Homemade easy Pumpkin Spice Coffee Cake is the perfect fall breakfast treat. Using a doctored cake mix, with a ribbon of gooey brown sugar and pecan swirl throughout, finished with a simple maple syrup glaze. A quick, moist and delicious fall dessert.
While I am a firm believer in making things from scratch, sometimes even I use a mix, but you will never even know because we kick up this cake mix with so many delicious ingredients!
If you like doctored up cake mix desserts, then try our favorites: Cinnamon Swirl Bundt Cake, Cake Batter Chocolate Chip & Sprinkle Cookies and a family favorite Chocolate Chocolate Chip Copycat Nothing Bundt Cake.
How to Make a Boxed Cake Mix Taste Like Homemade
By changing out a few ingredients in a box cake mix; you have a richer, more moist and dense, delicious cake!
- Ditch the Water
Try substituting whole milk, your favorite plant based milk (coconut would be divine) or even better, buttermilk, but due to the thickness of buttermilk add a few tablespoons more.
- Flavor in the Fat
Normally, I’d swap out cup for cup; melted butter for oil, bu many times I stick with heart healthy avocado oil, then I could call it “healthier” right? 🙂 Give it a go and let me know if you do, but in general you can swap out melted butter for the oil in a recipe.
- Add an Extra Egg (or two)
Being at high altitude, I have always added an extra egg to my cake mixes, why? The egg white contributes strength and the yolk contains a natural emulsifier that allows batter to hold extra sugar without weakening the overall structure. (source) However; in general, if you want a boxed cake mix to taste like a bakery cake or homemade then add an extra egg!
- Amp Up the Flavor
Chances are the vanilla might be a little blah in the cake mix, so for all cake mixes add a teaspoon of your favorite vanilla extract, vanilla bean paste or other extract; or try homemade bourbon vanilla!
In chocolate cake mix, add a teaspoon of espresso powder.
Lemon cake mix, add the zest from one lemon, za-zing!
White or Vanilla Cake mix, add pure vanilla extract or a teaspoon of vanilla bean paste or even the seeds from a vanilla bean. Or try a little rum, maple or almond extract!
Spice or Carrot Cake Mix, use fresh grated nutmeg (this microplane is the best), an extra teaspoon of cinnamon, definitely a teaspoon of vanilla or tablespoon of rum, brandy or whisky.
- Add Moisture
Add up to a cup of sour cream, plain greek yogurt or ¼ – ½ cup of creme fraiche. The richness, moisture it lends to a cake is amazing! You could even try a few tablespoons of mayonnaise, after all it’s just eggs and oil!
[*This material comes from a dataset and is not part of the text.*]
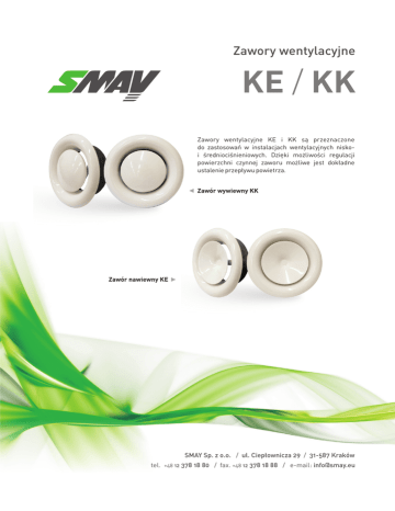 Zawory wentylacyjne KE / KK Zawory wentylacyjne KE i KK s¹ przeznaczone do zastosowañ w instalacjach wentylacyjnych niskoi œredniociœnieniowych. Dziêki mo¿liwoœci regulacji powierzchni czynnej zaworu mo¿liwe jest dok³adne ustalenie przep³ywu powietrza. Zawór wywiewny KK Zawór nawiewny KE SMAY Sp. z o.o. / ul. Ciep³ownicza 29 / 31-587 Kraków tel. +48 12 378 18 80 / fax. +48 12 378 18 88 / e-mail: [email protected] Zawory wentylacyjne KE i KK Wykonanie Zawory wentylacyjne s¹ dostêpne w wersji nawiewnej KE i wywiewnej KK. S¹ wykonane ze stali lakierowanej proszkowo na kolor bia³y RAL9010. Na zamówienie mo¿liwe jest lakierowanie na inny kolor RAL. Zawory posiadaj¹ element regulacyjny w postaci okr¹g³ego talerza. Dziêki obracaniu talerza mo¿liwe jest zwiêkszenie lub zmniejszenie powierzchni czynnej zaworu a tym samym dok³adne wyregulowanie parametrów pracy zaworu. Po zakoñczeniu regulacji talerz zaworu jest blokowany w wybranej pozycji poprzez dokrêcenie nakrêtki kontruj¹cej. Monta¿ Zawory s¹ dostarczane z ko³nierzami monta¿owymi. Ko³nierze s¹ montowane do przegród budowlanych przy u¿yciu wkrêtów. Monta¿ zaworu odbywa siê poprzez wkrêcenie korpusu zaworu w ko³nierz monta¿owy. Wymiary, masa zaworów wentylacyjnych Zawór nawiewny KE Zawór wywiewny KK Wymiar øD øD1 B Masa Wymiar øD øD1 B Masa [mm] [mm] 79 99 124 159 199 [mm] 120 140 170 210 250 [mm] 31 31 37 46 50 [kg] 0,14 0,19 0,31 0,5 0,73 [mm] [mm] 79 99 124 [mm] 120 140 170 [mm] 31 31 37 [kg] 0,15 0,195 0,31 159 199 210 250 46 50 0,47 0,66 80 100 125 160 200 80 100 125 160 200 Ko³nierz monta¿owy Wysokoœæ øD øD1 Masa [mm] [mm] [mm] 80 100 125 160 200 79 105 [kg] 0,04 99 125 124 150 0,05 0,07 159 180 0,10 199 225 0,14 49 92 wersja 5.2.7 Dobór KE i KK Oznaczenia: wydajnoœæ przep³ywu miejscowa strata ciœnienia Nomogram I Charakterystyki regulacyjne oporów przep³ywu i g³oœnoœci pracy w funkcji wydajnoœci powietrza i po³o¿enia grzybka: wersja 5.2.7 KK-80 KE-80 KK-100 KE-100 93 Dobór KE i KK KK-125 94 KE-125 KK-160 KE-160 KK-200 KE-200 wersja 5.2.7 Dobór KE i KK wersja 5.2.7 95 Akcesoria i sposób zamówienia Przy zamówieniu nale¿y podaæ informacje wed³ug poni¿szego sposobu: <TYP ZAWORU> - <oD> - SL<RAL> Gdzie: <TYP ZAWORU> <oD> SL <RAL> - KE lub KK - œrednica nominalna: 80, 100, 125, 160, 200 - wykoñczenie: stal lakierowana - kolor wg palety RAL * * wartoœci opcjonalne, w przypadku ich nie podania zostan¹ zastosowane wartoœci domyœlne Przyk³ad zamówienia: KK – 160 – SL9010 96 wersja 5.2.7

How to Doctor up a Pumpkin Spice Cake
- The first thing I did was add pumpkin puree (not pumpkin pie mix), because it wouldn’t be very pumpkin-y without the pumpkin, ya know! I used a rounded ¾ cup of pumpkin. See below for how you can use leftover pumpkin puree.
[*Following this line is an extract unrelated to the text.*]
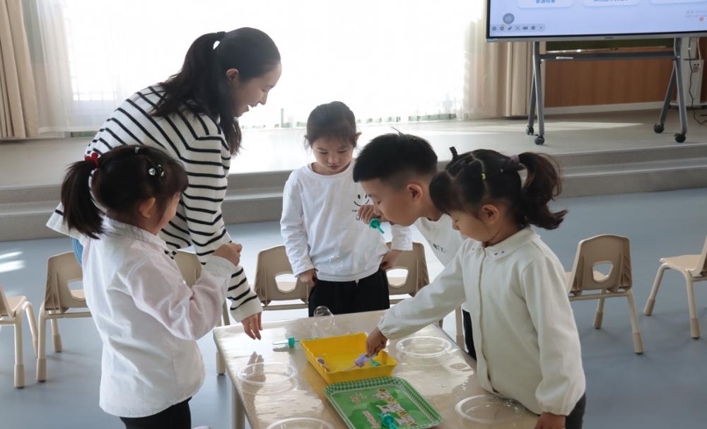 优质活动展示环节,来自市实验幼儿园、松江东路小学幼儿园、昌邑区实验幼儿园、永吉县实验幼儿园的名优教师,联合丰满区乡村骨干教师,聚焦科学领域进行教学展示活动,活动覆盖大、中、小班,呈现《有规律的格子布》《神奇放映机》《糊涂国王摸月亮》《和AI一起认四季》等8节优质集体教学活动。城乡教师同台展示、各展所长、互学互鉴,充分彰显游戏化教学的内涵与价值,为乡村教师提供了可复制、可借鉴、可推广的教学范式。

- I added a total of 4 eggs, giving it more lift and more moisture.
- I used Greek yogurt, full fat, instead of sour cream, no big reason other than that’s what I had, both work interchangeably, just make sure you are not using a fat free product, they typically do not work well in baked goods.
- Added maple syrup to the glaze, giving it a decidedly fall maple-pumpkin flavor. Not overwhelming though.
Can I Freeze Leftover Pumpkin Puree
Yes! I would suggest you measure leftover canned pumpkin out first so you know how much you have, then place in airtight plastic container or baggie and write the portion amount on the outside. To use, simply thaw in fridge overnight or on counter until soft.
Ways to Use Leftover Canned Pumpkin Purée
- Save it for another baking project! This is probably my favorite and what I do most of the time, like these Maple Pumpkin Scones, or Pumpkin Bread with Browned Butter Maple Frosting.
- I love stirring pumpkin puree into chili, you cannot really taste it and it adds great flavor, fiber and other good for you stuff!
- Make a pumpkin spice latte, yes, the famous PSL, this is especially a perfect use when you only have a few tablespoons leftover. Stir in a tablespoon into a cup of hot espresso, add frothed milk, a little vanilla and a ¼ teaspoon of pumpkin pie spice. Ta-da!
- Stir into oatmeal or other hot cereal, a couple of tablespoons with a little maple syrup and pumpkin spices is dreamy.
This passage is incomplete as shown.